Given entries:

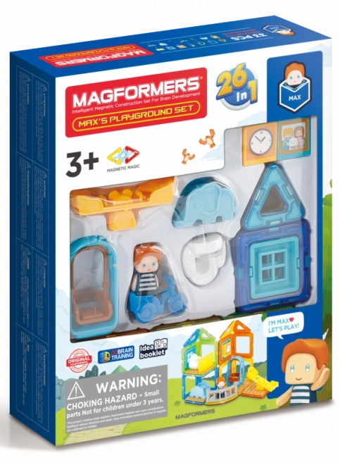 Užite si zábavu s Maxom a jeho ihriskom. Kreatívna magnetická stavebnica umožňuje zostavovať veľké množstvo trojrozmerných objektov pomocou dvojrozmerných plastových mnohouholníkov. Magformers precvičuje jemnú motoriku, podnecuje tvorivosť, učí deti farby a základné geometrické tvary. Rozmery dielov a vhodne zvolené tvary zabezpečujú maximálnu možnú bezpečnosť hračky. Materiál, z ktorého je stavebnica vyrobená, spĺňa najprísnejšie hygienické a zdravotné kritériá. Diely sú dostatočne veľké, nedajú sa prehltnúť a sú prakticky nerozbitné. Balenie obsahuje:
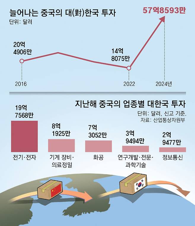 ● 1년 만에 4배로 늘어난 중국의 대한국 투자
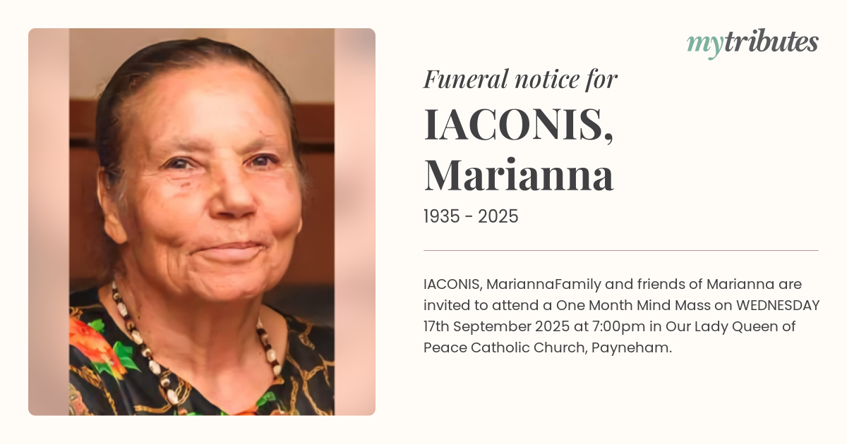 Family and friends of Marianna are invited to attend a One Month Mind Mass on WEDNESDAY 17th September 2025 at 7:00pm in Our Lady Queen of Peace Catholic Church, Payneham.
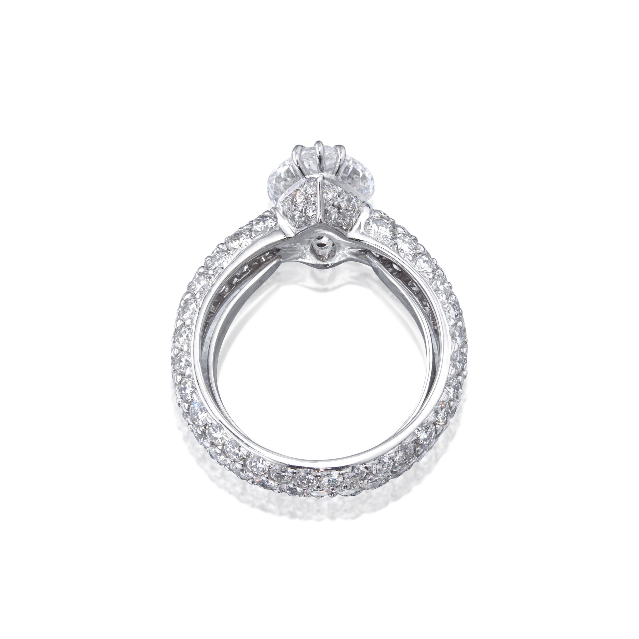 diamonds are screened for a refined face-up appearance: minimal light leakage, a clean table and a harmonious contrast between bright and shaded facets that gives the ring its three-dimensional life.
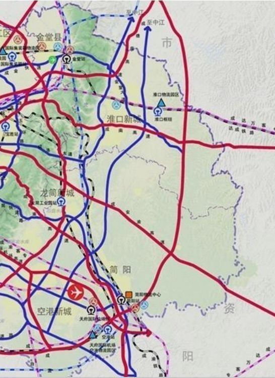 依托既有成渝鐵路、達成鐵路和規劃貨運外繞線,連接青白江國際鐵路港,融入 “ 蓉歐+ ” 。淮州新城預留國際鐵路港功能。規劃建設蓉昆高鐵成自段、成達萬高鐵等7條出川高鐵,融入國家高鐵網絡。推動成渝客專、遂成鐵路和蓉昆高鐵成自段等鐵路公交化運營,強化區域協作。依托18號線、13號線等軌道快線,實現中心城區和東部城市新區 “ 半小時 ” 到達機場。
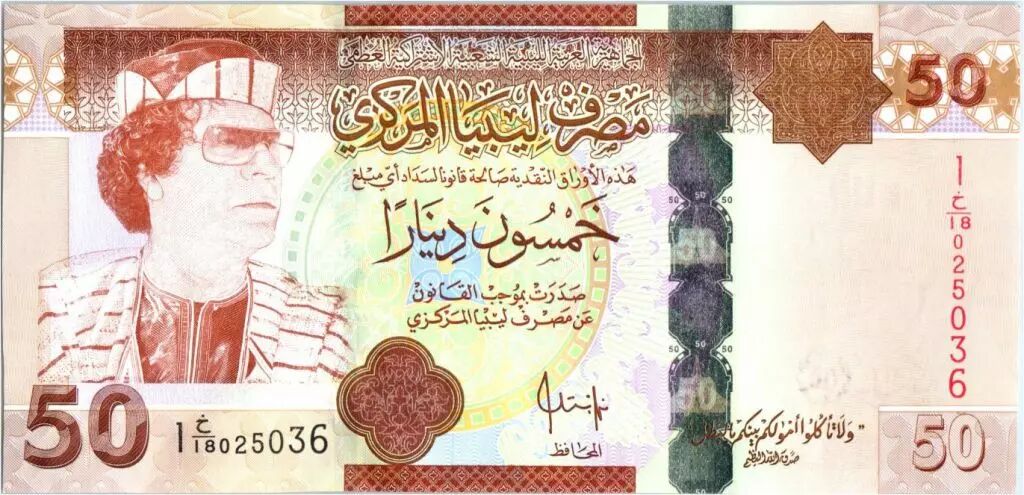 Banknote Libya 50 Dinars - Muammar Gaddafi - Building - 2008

Exercise requirements: A word-for-word copy of all the data, without pictures, is the expected output.

Finished task:
 Užite si zábavu s Maxom a jeho ihriskom. Kreatívna magnetická stavebnica umožňuje zostavovať veľké množstvo trojrozmerných objektov pomocou dvojrozmerných plastových mnohouholníkov. Magformers precvičuje jemnú motoriku, podnecuje tvorivosť, učí deti farby a základné geometrické tvary. Rozmery dielov a vhodne zvolené tvary zabezpečujú maximálnu možnú bezpečnosť hračky. Materiál, z ktorého je stavebnica vyrobená, spĺňa najprísnejšie hygienické a zdravotné kritériá. Diely sú dostatočne veľké, nedajú sa prehltnúť a sú prakticky nerozbitné. Balenie obsahuje:
 ● 1년 만에 4배로 늘어난 중국의 대한국 투자
 Family and friends of Marianna are invited to attend a One Month Mind Mass on WEDNESDAY 17th September 2025 at 7:00pm in Our Lady Queen of Peace Catholic Church, Payneham.
 diamonds are screened for a refined face-up appearance: minimal light leakage, a clean table and a harmonious contrast between bright and shaded facets that gives the ring its three-dimensional life.
 依托既有成渝鐵路、達成鐵路和規劃貨運外繞線,連接青白江國際鐵路港,融入 “ 蓉歐+ ” 。淮州新城預留國際鐵路港功能。規劃建設蓉昆高鐵成自段、成達萬高鐵等7條出川高鐵,融入國家高鐵網絡。推動成渝客專、遂成鐵路和蓉昆高鐵成自段等鐵路公交化運營,強化區域協作。依托18號線、13號線等軌道快線,實現中心城區和東部城市新區 “ 半小時 ” 到達機場。
 Banknote Libya 50 Dinars - Muammar Gaddafi - Building - 2008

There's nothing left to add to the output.